Injury, whether officially diagnosed or not, is another good reason to discontinue a workout. Many injuries related to cycling are chronic or gradual onset injuries which means they will likely come on slowly and progress toward worse and worse pain. If you are able to catch the progression early enough then you may save yourself from needing long, extended periods of recovery, surgery, or intensive rehabilitation. As a general rule of thumb, if your pain is 3 out of 10 or less, you may proceed with the workout with caution, but any greater pain intensity is a sign to call it a day. If you have to quit your workout due to injury, spend the time that you would have been riding to do rehabilitation, strengthening, stretching, icing, or even making a doctor’s appointment.

Workout intensity

When deciding whether or not to continue on with a lack-luster workout, it’s important to consider what the overall goal of the workout is and if your effort is reflecting that goal. For example, if the workout is a tempo or sweet spot workout, but you are finding it exceptionally challenging, your heart rate is near maxed out, and you feel like you may cramp at any moment then it’s probably time to call it a day. This is because the physiological load (such as heart rate) is likely much higher than the intended purpose and if you continue on you may limit your ability to take on harder workouts scheduled later in the week.
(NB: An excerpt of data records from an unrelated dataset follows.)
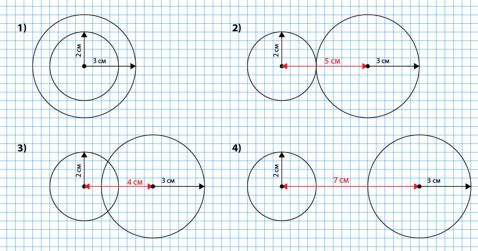 Начертите де окружности, радиусы которых 2 см 3 см, так, чтобы расстояние между их центрами было равно: 1) 0 см: 2) 5 см: 3) 4 см: 4) 7 см: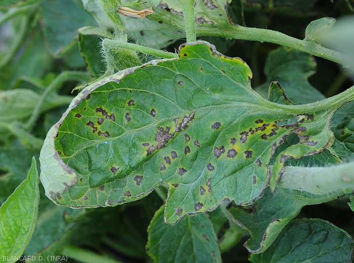 Ces taches peuvent s'étendre et confluer, altérant de larges secteurs du limbe qui finissent par se nécroser et se dessécher. Les feuilles fortement affectées jaunissent, se dessèchent.
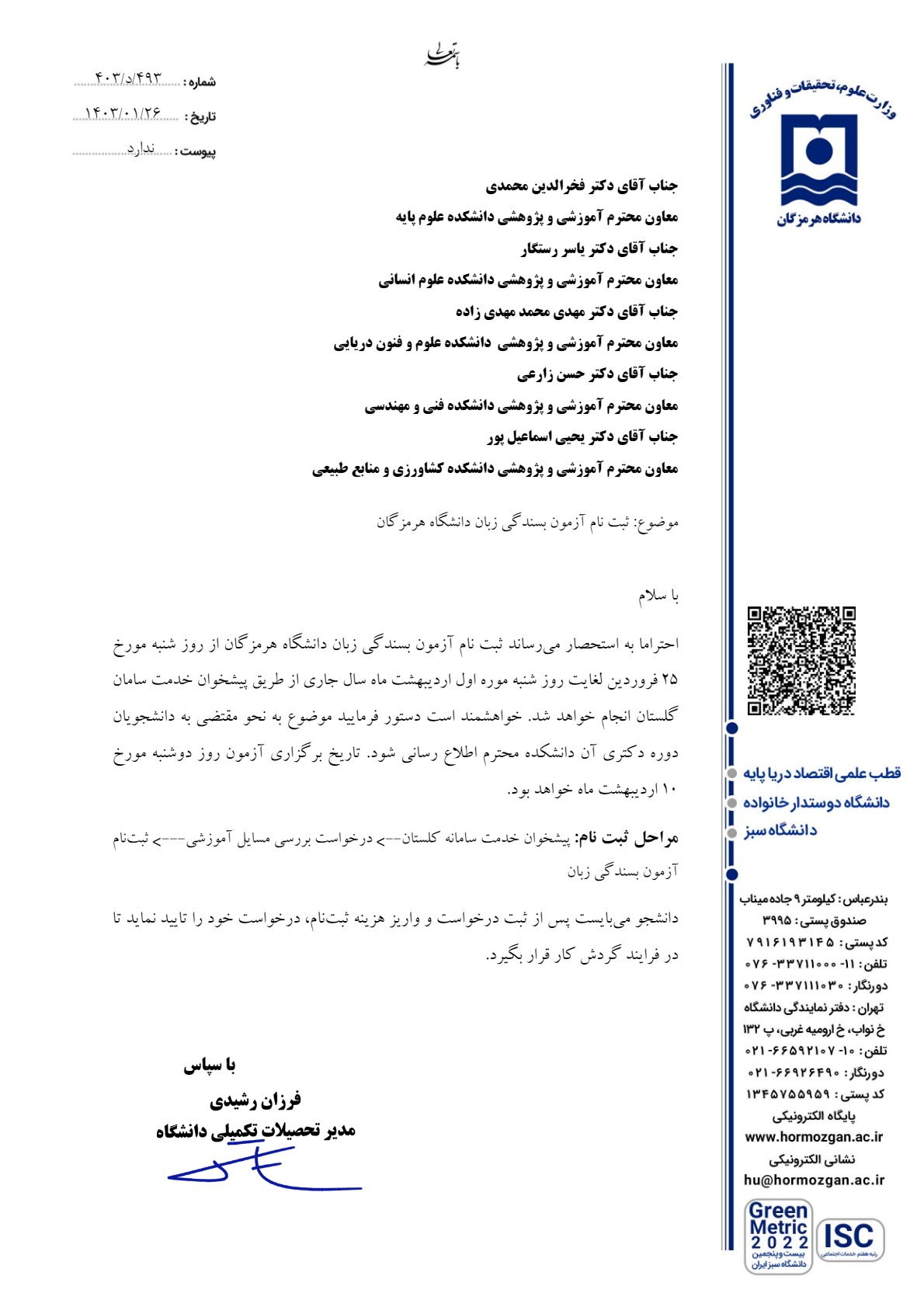 ثبت نام آزمون بسندگی زبان دانشگاه هرمزگان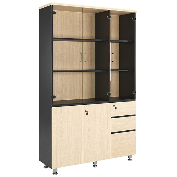 Đặc trưng Tủ đứng 3 buồng. Phía trên có 3 cánh kính, đợt di động. Phía dưới 2 khoang cánh mở và 3 ngăn kéo. Tay nắm vát cạnh.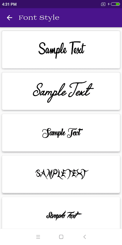 فونٹ اسٹائل میں فوری پیش نظارہ کے ساتھ مختلف فونٹ ہوتے ہیں تاکہ آپ ایک نظر ڈالیں کہ بالکل فونٹ کس طرح نظر آئے گا۔

On the other hand, if you are attempting to complete all-out or VO2 max intervals, and you are falling short, then it may be beneficial to suffer through to the end. In this circumstance, the goal of the workout is to exert your lungs and cardiovascular system to its maximum, and if you are able to reach that exertion level, you will benefit from the workout. Even if you fall short of your intended intensity, and your legs are not experiencing your planned load and higher wattage, continuing can still be advantageous as it benefits your heart and lungs.

Training phase

Another factor to consider before bailing on your workout is where you are in your training cycle. For example, if you are beginning a new phase, or just had a rest week and should be feeling good, then it might be worth bailing on the workout and resting for one more day. In this type of scenario, your body may just need a little more rest than you anticipated and it may be better to ease up for another one or two days rather than beginning a new training cycle already fatigued.

Conversely, if you are near the end of a training cycle and you are expected to be fatigued, then it’s time to buckle down and finish to the best of your ability. Sometimes it’s necessary to push through fatigue in order to gain fatigue resistance and build fitness. If a recovery week or even a single rest day is in your near future, continue pushing through the workout to see it through to the end of the cycle.

Race calendar

Finally, consider your overarching goal of training. If you have a big race within two weeks then it might be worth giving yourself a little extra rest and airing on the side of caution. It is unlikely that any workout you do within two weeks of your race will influence your overall fitness. If you have no races in the near future, then that gives you a bit more freedom to push the envelope.

Just start

Assuming you’re healthy, just get out the door. Sometimes it’s easy to want to bail on a workout before you even start. More often than not, if you push yourself to take those first few pedal strokes you may surprise yourself with what you are capable of and you won’t even want to consider cutting your ride short.